(Work required): Every line below must be reproduced exactly; no pictures are to be included.

--- Dataset content ---

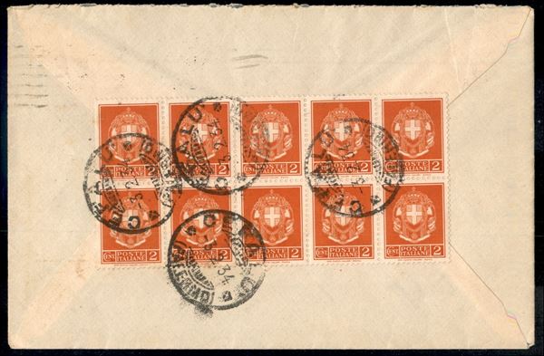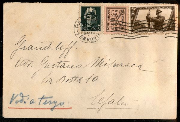 Affrancatura mista Italia Vaticano - dieci 2 cent applicati al verso e annullati in arrivo a Cefalù + 15 cent + 5 cent + Vaticano 5 cent (1) su lettera da Palermo a Cefalù del 2.2.34
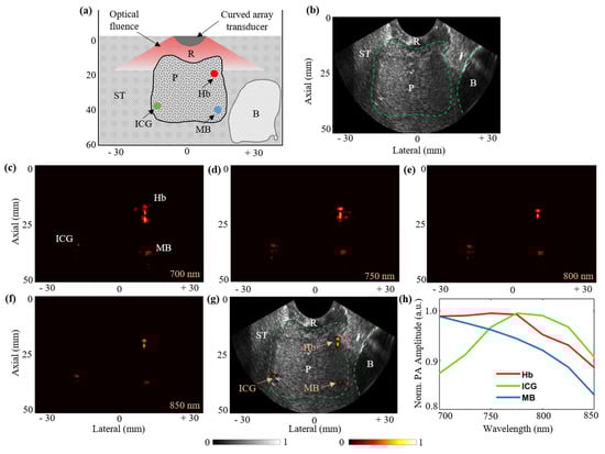 Next, the results of using the TRUSPA device to image the prostate phantom described above are presented. Figure 8b shows a typical B-mode US frame displaying the anatomical information of the fabricated prostate tissue phantom with the prostate (P), bladder (B), soft-tissue (ST), and rectum (R) regions labelled. Figure 8c–f show the B-mode PA images acquired at 700 nm, 750 nm, 800 nm, and 850 nm optical excitation wavelength, respectively. Thanks to the high optical absorption of the three molecular targets embedded in the prostate region, the PA images are able to display all three molecules with varying PA intensities depending on their optical absorption spectra. Figure 8g shows a coregistered B-mode US + PA image at 850 nm with the US image in grayscale and the PA image overlaid in hot scale. The mean PA intensities for the three target regions as a function of excitation wavelength are plotted in Figure 8h. The obtained plots for the Hb, ICG, and MB targets closely match with their respective standard spectral plots [35]. For example, the peak response of ICG at around 780 nm and the standard decay of the MB response with increasing wavelength can be observed in Figure 8h. These results demonstrate the feasibility of the TRUSPA device for structural and functional imaging of deeper tissue regions.
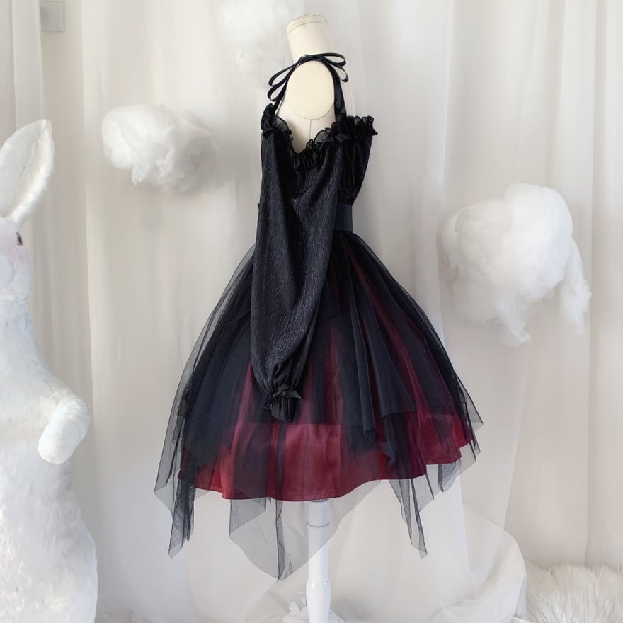 サブカル 服 地雷系 通販 ロリータ 梦梦の工作室シリーズ ゴスロリ JSK 闇かわいい レース レイヤード アシンメトリー 系

---

(Written solution):
 Affrancatura mista Italia Vaticano - dieci 2 cent applicati al verso e annullati in arrivo a Cefalù + 15 cent + 5 cent + Vaticano 5 cent (1) su lettera da Palermo a Cefalù del 2.2.34
 Next, the results of using the TRUSPA device to image the prostate phantom described above are presented. Figure 8b shows a typical B-mode US frame displaying the anatomical information of the fabricated prostate tissue phantom with the prostate (P), bladder (B), soft-tissue (ST), and rectum (R) regions labelled. Figure 8c–f show the B-mode PA images acquired at 700 nm, 750 nm, 800 nm, and 850 nm optical excitation wavelength, respectively. Thanks to the high optical absorption of the three molecular targets embedded in the prostate region, the PA images are able to display all three molecules with varying PA intensities depending on their optical absorption spectra. Figure 8g shows a coregistered B-mode US + PA image at 850 nm with the US image in grayscale and the PA image overlaid in hot scale. The mean PA intensities for the three target regions as a function of excitation wavelength are plotted in Figure 8h. The obtained plots for the Hb, ICG, and MB targets closely match with their respective standard spectral plots [35]. For example, the peak response of ICG at around 780 nm and the standard decay of the MB response with increasing wavelength can be observed in Figure 8h. These results demonstrate the feasibility of the TRUSPA device for structural and functional imaging of deeper tissue regions.
 サブカル 服 地雷系 通販 ロリータ 梦梦の工作室シリーズ ゴスロリ JSK 闇かわいい レース レイヤード アシンメトリー 系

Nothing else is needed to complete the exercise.